What Accountability Looks Like
On Dec. 20, 2025, a third of San Francisco went dark.
It started with a fire at a Pacific Gas and Electric Company (PG&E) substation near Eighth and Mission streets. What followed was not a minor inconvenience. It was food spoiling in refrigerators. It was medical equipment losing power. It was a 95-year-old constituent on a ventilator being rushed to the hospital at two in the morning. It was small businesses in the Sunset and Richmond districts having to throw away everything in their coolers during one of the busiest shopping weeks of the year.
Some residents were without power for three days.
Last week, I convened an oversight hearing to get answers. PG&E’s CEO came to City Hall. So did representatives from our Fire Department and the Department of Emergency Management. What we learned was troubling.
PG&E did not notify the Fire Department about the substation fire for more than an hour. They did not contact the Department of Emergency Management, the agency leading the City’s response, for two hours. When firefighters arrived at the substation, they had to learn the layout of the facility from paper diagrams handed to them by PG&E in real time.
The estimated restoration times sent to customers? Generated by software that didn’t work. Residents and business owners had no idea when power would return — and neither, it seemed, did PG&E.
There was no plan to ensure power was restored equitably. No clear communication. No coordination with the city agencies responsible for keeping people safe.
This is not acceptable.
Let me be clear about what accountability actually means. It does not mean a press release. It does not mean a website update. It does not mean bill credits that don’t come close to covering actual losses. And it does not mean an opaque claims process that is slow, confusing and difficult to navigate.
Accountability means answers. It means transparency. It means making sure this does not happen again. And it means taking responsibility to make affected residents whole.
The $200 credit for residential customers and $2,500 for businesses is a start — but for merchants who lost tens of thousands of dollars in spoiled inventory and missed revenue, it doesn’t come close. I’ve walked Irving Street with PG&E representatives and heard directly from shop owners about what they lost. Many of them are still waiting on claims.
This pattern cannot continue.
I vied for this office promising to fight for the Sunset. That means fighting for the seniors who sat in the dark for days. It means fighting for the small business owners who watched their inventory spoil. It means fighting for the families who scrambled to protect medically vulnerable loved ones.
PG&E has operated with too little oversight for too long. Our residents deserve a power system that works, one that is accountable to ratepayers, not shareholders.

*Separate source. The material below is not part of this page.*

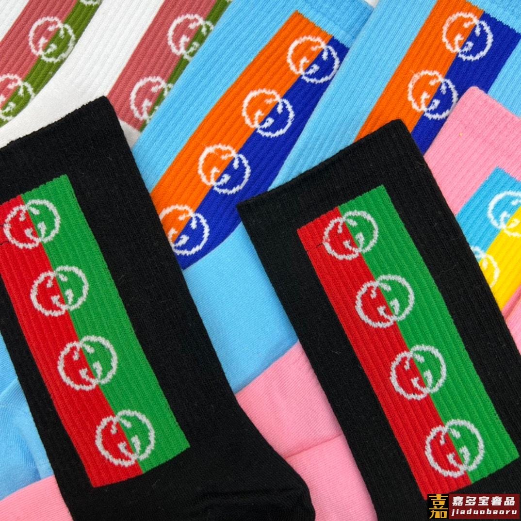 特配专柜包装古驰新款中长筒刺绣袜堆堆袜袜子一盒五双专柜同步筒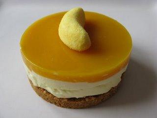 Préparez le nappage. Mettez la feuille de gélatine à tremper dans l’eau froide pendant 10 minutes. Faites chauffer le jus de fruits à feu doux dans une petite casserole. Ajoutez la gélatine amollie et mélangez. Laissez refroidir puis versez le nappage sur la crème dans les cercles à pâtisserie. Laissez au frais toute la nuit. Au moment de servir, démoulez les entremets et servez à l’assiette.

This oversight process is not finished. I have required PG&E to return to the committee once its investigation is complete and to present a full public report on the root cause of the outage, findings of the investigation, responsibility determinations and a clear timeline for corrective actions. A follow-up hearing will examine how this failure occurred, whether deeper structural issues exist, whether maintenance and capital investments are adequate and what reforms are necessary to reduce future risk rather than reacting only after the next crisis.

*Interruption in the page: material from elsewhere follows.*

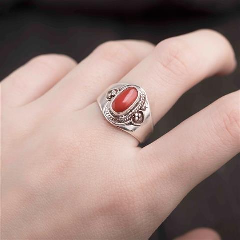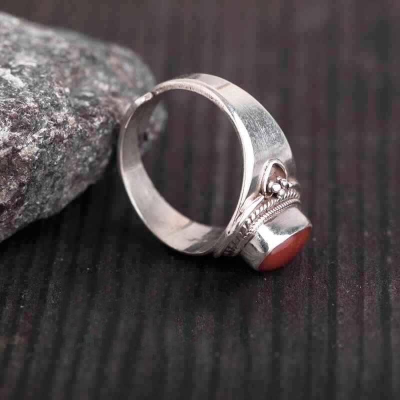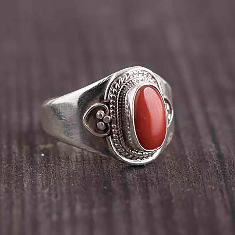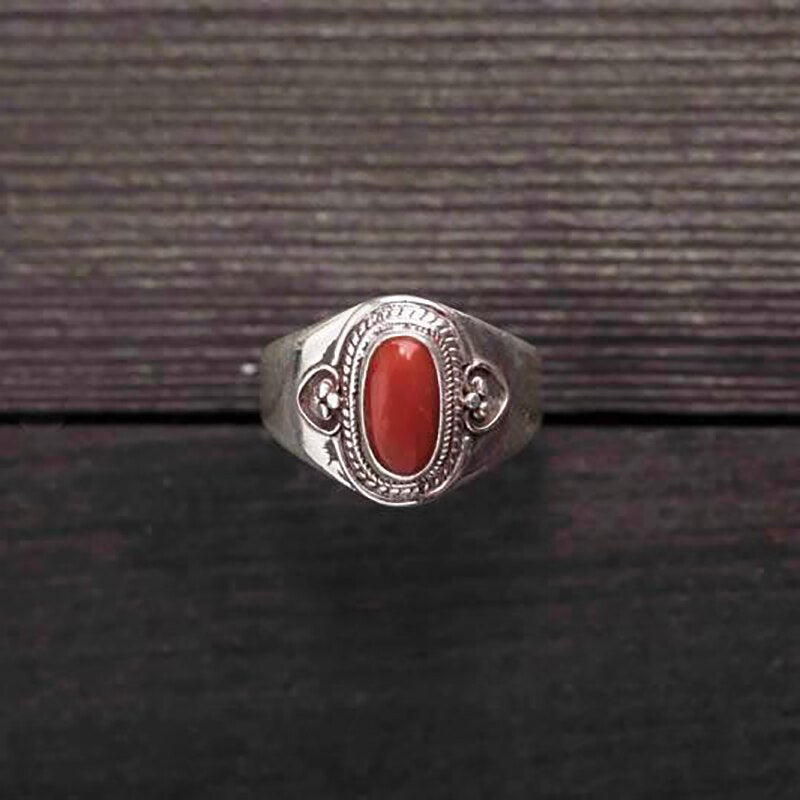 Cocktail Ring-Unique design Nepal handmade silver inlaid southern red tourmaline opening adjustable ring retro ethnic style ladies jewelry

I’m grateful to my colleagues – Supervisors Bilal Mahmood, Connie Chan, Stephen Sherrill, Myrna Melgar and Danny Sauter – who co-sponsored this hearing and share my commitment to holding PG&E accountable. This is not a partisan issue. This is about basic infrastructure, public safety and trust.
One third of this City lost power for days. That is not weathering a storm. That is being told to figure it out.
We deserve better. And I’m going to keep pushing until we get it.